Dans l’immédiat, le gouvernement se contente d’appeler les distributeurs à faire des efforts sur leurs marges à la pompe, dans une vaste opération de communication.
KC - REUTERS - Ken Cedeno
Comme en 2022, les propositions pleuvent pour endiguer la hausse des prix de l’énergie liée à la guerre au Moyen-Orient. Mais certaines de ces rustines pourraient se révéler contre-productives, alertent plusieurs spécialistes.
Comme un air de déjà-vu. Qui dit nouvelle flambée des prix de l’énergie dit même mécanique politique qui s’enclenche. « Blocage des prix », « baisse des taxes », remise en cause de la « règle d’indexation des prix du gaz à ceux de l’électricité en Europe » ou encore suspension de la tarification du CO₂ : comme en 2022, les propositions affluent de toutes parts pour soulager la facture des ménages et des entreprises.
« On assiste à un concours Lépine de la réaction la plus irréfléchie », tance Nicolas Goldberg, associé chez Colombus Consulting. Derrière ces annonces, la logique est la même : atténuer ou masquer le coût des énergies fossiles et neutraliser le signal-prix envoyé aux consommateurs. Au risque, préviennent plusieurs spécialistes, d’aggraver les déséquilibres du système.
« Beaucoup de responsables politiques n’y comprennent rien.
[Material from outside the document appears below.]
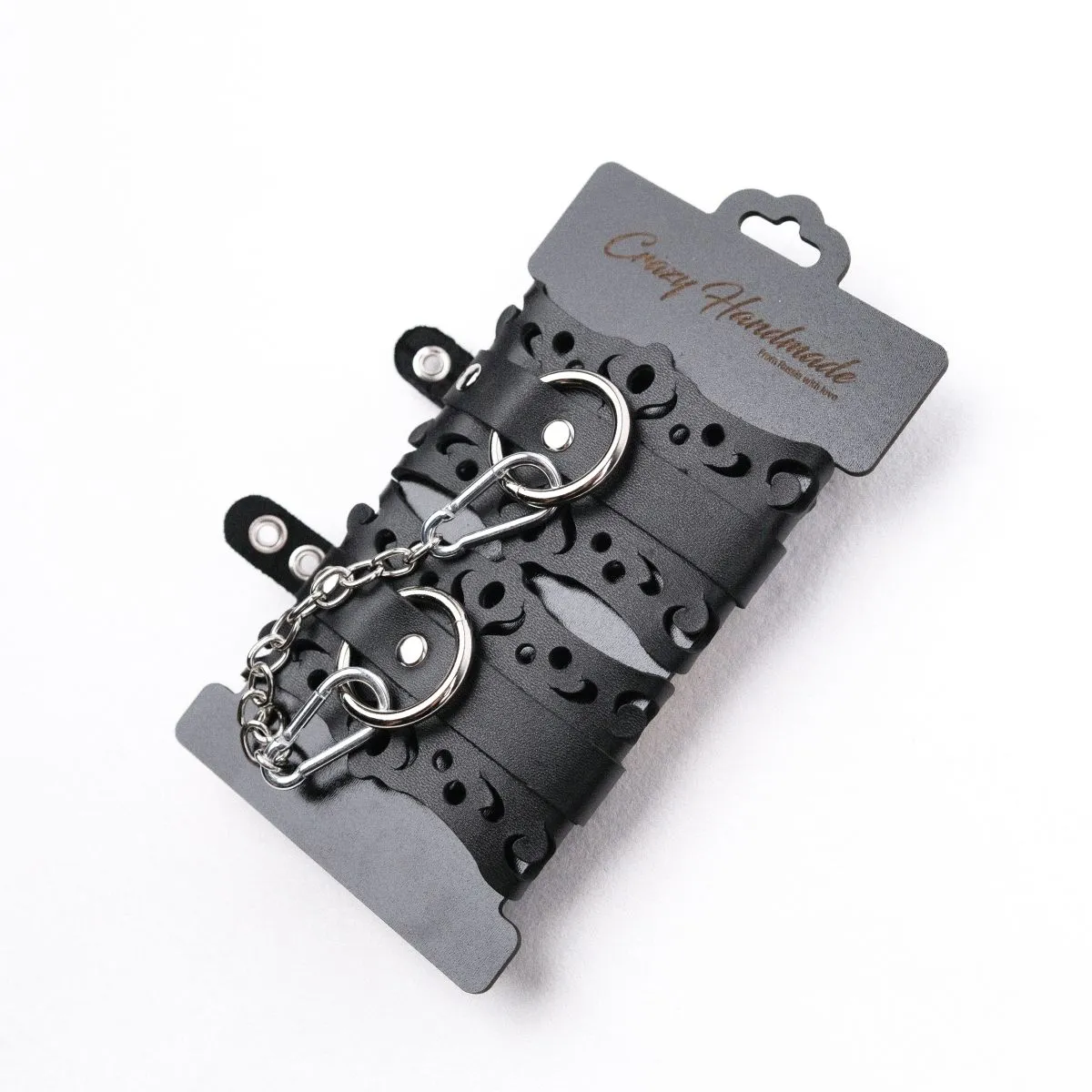 Элегантные наручники из натуральной кожи в глубоком черном цвете. Узоры придают утонченности и легкости даже такому аксессуару. Отличный спутник для игр с доминированием!

Ils ont avalé des éléments de langage pendant le week-end et recrachent plus ou moins bien ce qu’ils ont mal compris », tacle Thierry Bros, professeur à Sciences Po. « Cela reviendrait à casser le thermomètre pour faire baisser la fièvre », abonde Andreas Rüdinger, coordinateur transition énergétique France à l'Institut du développement durable et des relations internationales (Iddri).
Bloquer les prix, la tentation immédiate
Parmi les réponses avancées figure le blocage des prix. Vendredi, La France insoumise a déposé une proposition de loi visant à geler ou plafonner pendant trois mois « les prix de vente au détail des carburants, du gaz naturel et de l’électricité destinés aux consommateurs finals », comme elle l’avait déjà proposé en 2024.
En théorie, le Code du commerce permet en effet au gouvernement de fixer temporairement des prix plafonds. Mais dans la pratique, la mesure soulève de nombreuses difficultés. « Si vous gelez les prix, soit l’État indemnise les distributeurs, soit ils peuvent tout simplement arrêter de vendre pour éviter les pertes », souligne Nicolas Goldberg.